Thank you very much mister chairman, Ladies and Gentelmen. In this talk, I would like to share with you our initial experience with a new technology that provides drivers with feedback about their driving performance.
This technology is able to identify the occurrence of undesirable driving events? For example: Sudden braking or lane changing, sharp turning and excessive acceleration.
We call this technology the green-box. It consists of sensors for acceleration and speed and a processing unit able to identify driving events in real time . The data is transmitted to a server, which analyzes the data and generates a driver profile. A report generator then provides the driver with feedback via text messaging, e-mail or web-based reporting. Real time In-vehicle feedback is also available.
What you see here, ladies and gentlemen, is an example of the kind of information that this technology generates. Along the X axis we can see the days of the month, and along the Y axis we are see the number of trips taken each day, with each square representing a specific trip. The trips are color coded by safety level. A green trip has only few events, while a red trip means many undesirable events, or in other words, dangerous driving. Here we see a detailed description of the events that are included in one red square.
The study was conducted in Staffordshire county in the UK, were as in any other place in the world novice drivers are over presented in motor vehicle-related serious injuries and deaths. Thirty two drivers volunteered to participate in our study,
Our study design was based on comparing the driving performance of our volunteers between 2 periods. Initially, they drove with the green box activated, but they received no feedback. Then, during the feedback period, the drivers and their parents received feedback in real time while driving, by logging on to a web site, and via e-mail. Our volunteers accumulated a large volume of driving data for analysis, consisting of more than 18 thousand trips over 55 hundred hours. For the purpose of our analysis, the variable of interest was the event frequency which is the number of undesirable driving events per minute of driving.

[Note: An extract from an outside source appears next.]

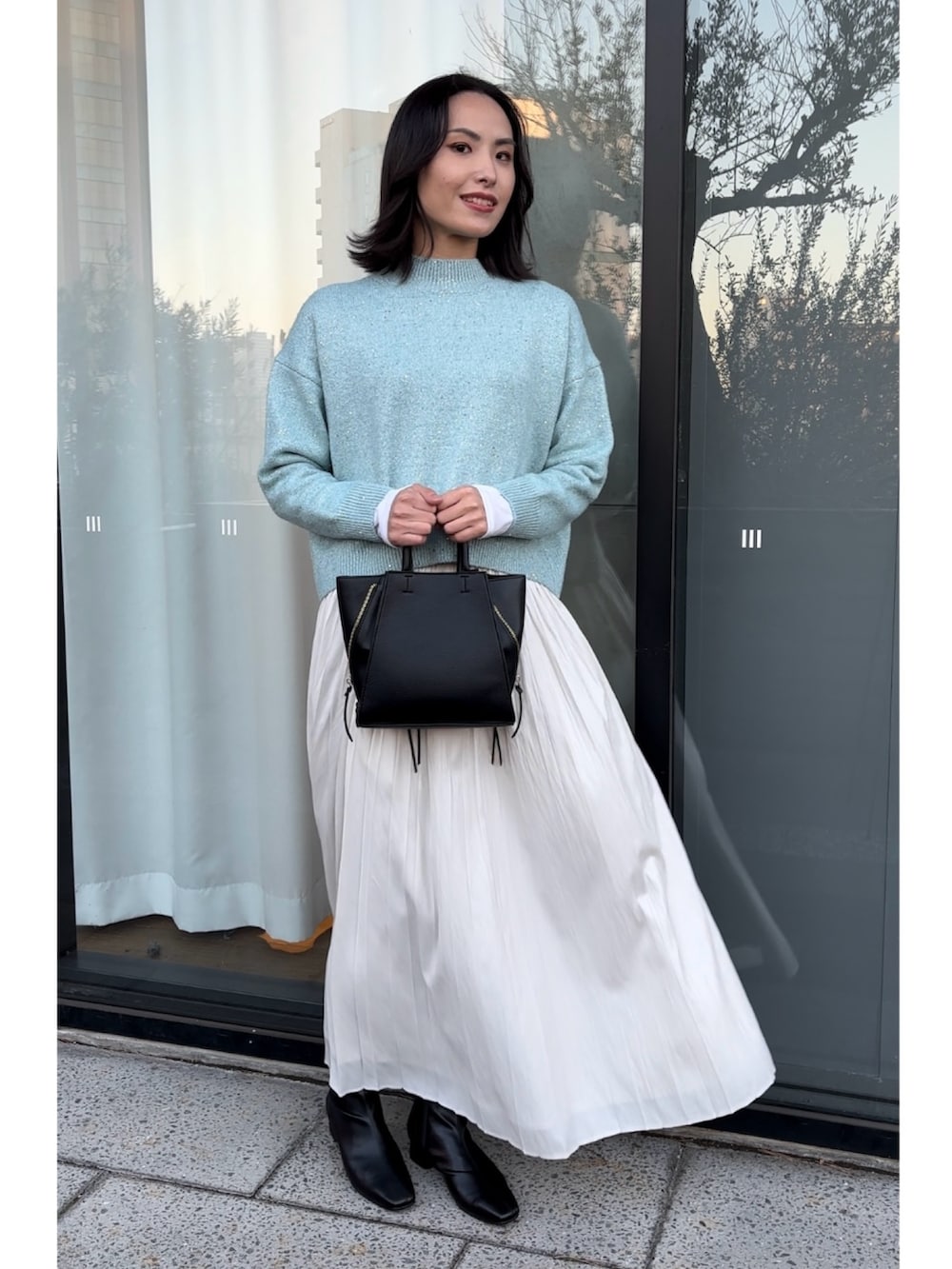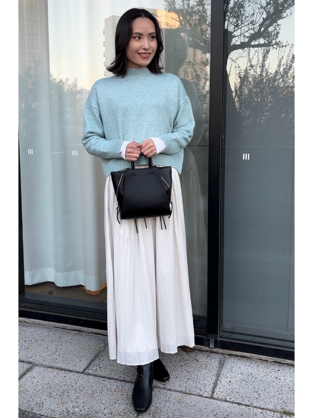 ニットはややショート丈なのでどのボトムスとも相性抜群!縦のラインをすっきり見せてくれます。

For each of the 32 drivers, we calculated the event frequency. Here is a comparison between the blind profile period and the feedback period for each driver. As you can see, 28 drivers showed a reduction in undesirable events, and the great majority of these were statistically significant reductions.

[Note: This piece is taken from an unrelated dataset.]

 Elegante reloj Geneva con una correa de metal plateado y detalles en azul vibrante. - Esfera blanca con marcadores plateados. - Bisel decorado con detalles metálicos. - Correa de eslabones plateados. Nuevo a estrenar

Here is another look at the same results. this box plot gives us an idea about the distribution of the Event Frequency in the 2 phases. the mean frequency of undesirable events was reduced by MORE THAN HALF once feedback was enabled.
We continued our analysis by looking at other variables that may affect event frequency in new drivers, like the effect of timing. Using a mixed effect Poisson model, we estimated the event frequency by time of day (CLICK). and by day of the week (CLICK). we concluded that the effect of the feedback is consistent across times.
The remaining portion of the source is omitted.